I've been hearing a lot of buzz about Barr in the scouting community, so I looked at the All-22 coaches' footage from last season to break down Barr's game and see why scouts are so smitten by his potential. Here are my thoughts:
Barr arrived at UCLA ranked by many recruiting analysts as the top athlete in the 2010 class following a spectacular career at Loyola High School in Los Angeles. Although he failed to live up to the hype as a tight end in the Bruins' offense, he certainly displayed speed, burst and agility as an outside linebacker. Watching Barr work off the edges against the run or as a pass rusher, I've been impressed with his combination of balance, body control and burst. He shows exceptional closing quickness hunting down quarterbacks and runners from the backside. Most importantly, Barr is agile enough to weave through trash to make negative plays in the backfield -- a quality that could make him a star at the next level.
For a former offensive player with limited snaps on defense, Barr is an impressive run defender. He is stout at the point of attack, using size, strength and length to leverage blockers before disengaging and falling in on the play. While his technique is far from textbook, Barr's hand skills, aggressiveness and strength allow him to set a hard edge on the perimeter, enabling his teammates to make plays in pursuit. On runs away from his side, Barr flashes the speed and burst to track runners down from behind. He displays a relentless motor that produces negative plays off sheer effort.
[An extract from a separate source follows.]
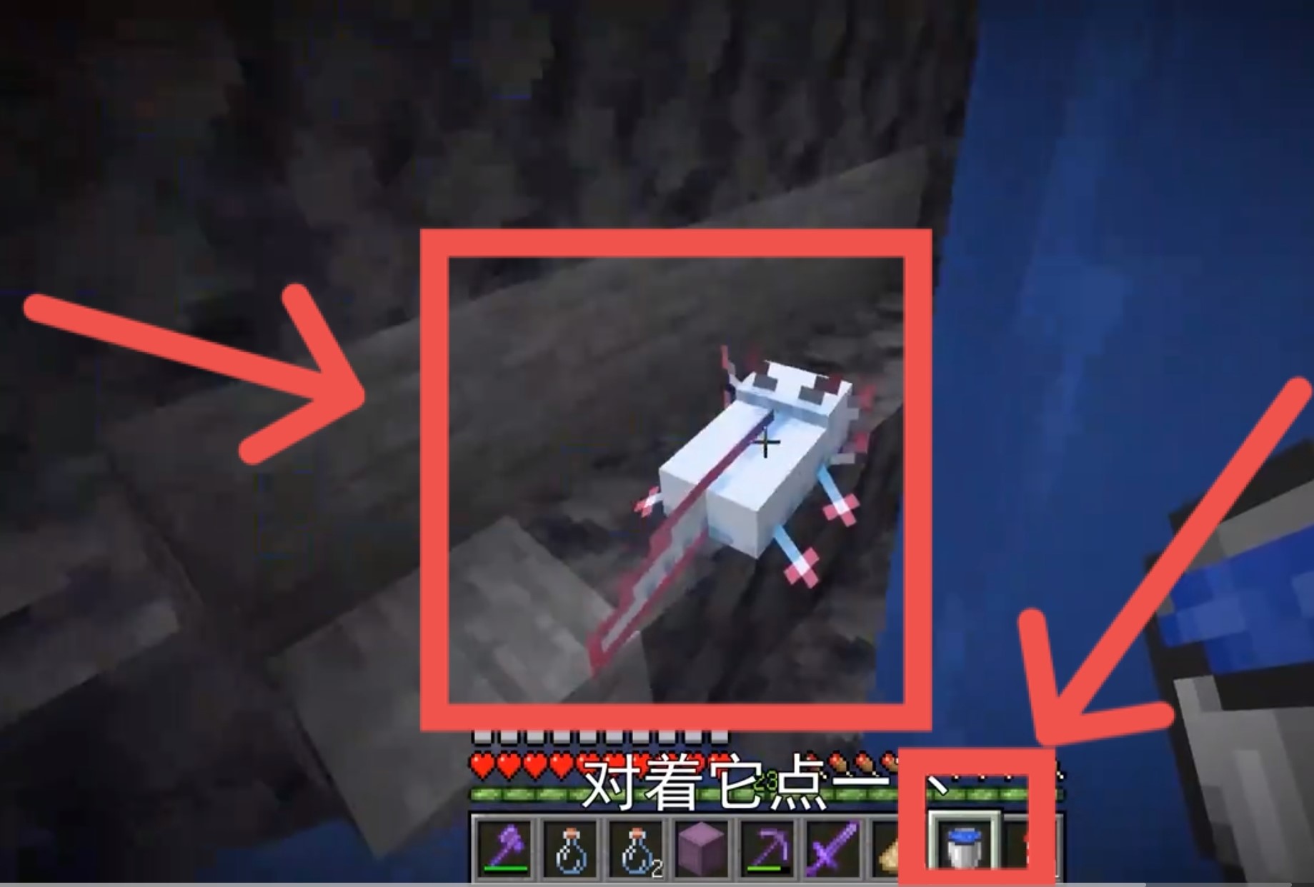 補充:找到的美西螈需要馴服,才能屬於自己,馴服如下:

Barr is a crafty rusher with a natural feel for getting to the quarterback. Although he lacks elite first-step quickness, he routinely wins with a "bend-and-burst" maneuver that allows him to turn the corner against offensive tackles. He will also use a spin move and a stutter-step to take advantage of blockers who overreact to his speed rush. Barr is certainly effective as a conventional rusher off the edge, but I believe he is most dangerous when used on blitzes from the second level. He displays superb timing and awareness shooting gaps from depth, and his athleticism makes him tough to block on the move.
Barr has the potential to become an excellent cover man on the perimeter. He is fast enough to run with tight ends and running backs down the seam, while also displaying the instincts and awareness to make quick reactions to balls thrown in the flat in zone coverage. Although his backpedal and turns/transitions are still a little rough, his overall athleticism, vision and reactions enable him to make bang-bang hits on pass catchers in his area. Of course, scouts will want to see better angles and drops.
For all the characteristics evaluators value in top prospects, playmaking ranks at the top. NFL coaches have an affinity for players with a track record of delivering big plays in key moments. Barr certainly fits the bill based on his 2012 resume as the Pac-12 sack leader, while also wreaking havoc against the run. His unbelievable knack for harassing quarterbacks and runners in the backfield alters the way opponents attack the Bruins' defense, which makes it easier for the defensive coordinator to hone in on offensive tendencies. Moreover, Barr's disruptive skills allow the defensive coordinator to dictate terms to the offense. Given the challenges of stopping the fast-paced offenses dominating college football, the presence of a game-changer like Barr takes the defense to another level.
Barr is a versatile three-down playmaker with the potential to impact the run or pass as an edge player. Although he must smooth out some of the rough spots in his game, there are few players capable of matching his disruptive potential on the collegiate level. If he continues to make strides in his development, he will enter the NFL viewed as a Julian Peterson-like playmaker with big-time potential.